[Stored dataset items]
★ ★ ★

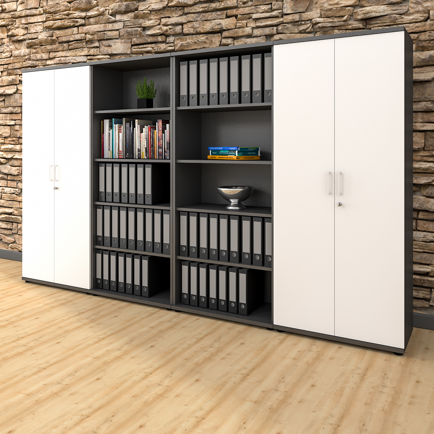 Profi Aktenschrank 5 OH Weiß-Anthrazit - Abschließbarer Büroschrank Mit Flügeltüren
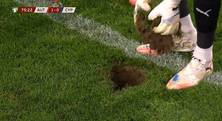 Из-за дыры в газоне глубиной 20 сантиметров прервали матч Австрии и Кипра в отборе ЧМ. Пауза продлилась 7 минут, пока яму не заделали
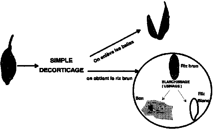 Vous savez déjà comment on arrive au "RIZ BRUN". Prenons le schéma ci-contre: la partie dessinée dans le ballon explique la dernière transformation en RIZ BLANC. Le riz brun, après blanchissage dans la machine, va donner du SON et des grains de RIZ BLANC.
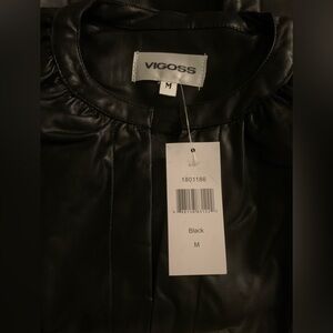NWT Faux leather cute Black VNeck mini dress Stretch Fabric
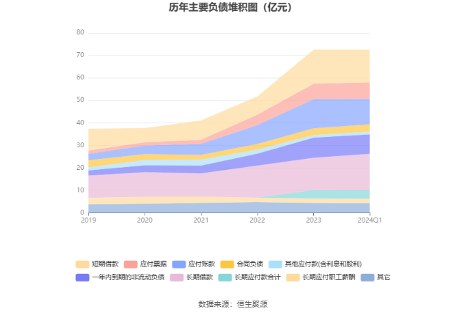 负债重大变化方面,截至2024年一季度末,公司长期借款较上年末增加12.92%,占公司总资产比重上升1.85个百分点;应付账款较上年末减少12.83%,占公司总资产比重下降1.64个百分点;短期借款较上年末减少3.61%,占公司总资产比重下降0.53个百分点;应付票据较上年末增加6.46%,占公司总资产比重上升0.45个百分点。
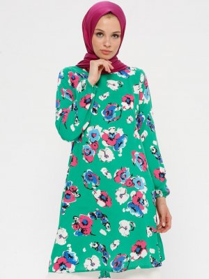 Ginezza Yeşil Fuşya Çiçek Desenli Tunik

★ ★ ★

**How to complete this task:**
Exclude all pictures and return precisely the lines from the one containing "Из-за дыры в" through the closing line of the data.

**Written reply:**
 Из-за дыры в газоне глубиной 20 сантиметров прервали матч Австрии и Кипра в отборе ЧМ. Пауза продлилась 7 минут, пока яму не заделали
 Vous savez déjà comment on arrive au "RIZ BRUN". Prenons le schéma ci-contre: la partie dessinée dans le ballon explique la dernière transformation en RIZ BLANC. Le riz brun, après blanchissage dans la machine, va donner du SON et des grains de RIZ BLANC.
NWT Faux leather cute Black VNeck mini dress Stretch Fabric
 负债重大变化方面,截至2024年一季度末,公司长期借款较上年末增加12.92%,占公司总资产比重上升1.85个百分点;应付账款较上年末减少12.83%,占公司总资产比重下降1.64个百分点;短期借款较上年末减少3.61%,占公司总资产比重下降0.53个百分点;应付票据较上年末增加6.46%,占公司总资产比重上升0.45个百分点。
 Ginezza Yeşil Fuşya Çiçek Desenli Tunik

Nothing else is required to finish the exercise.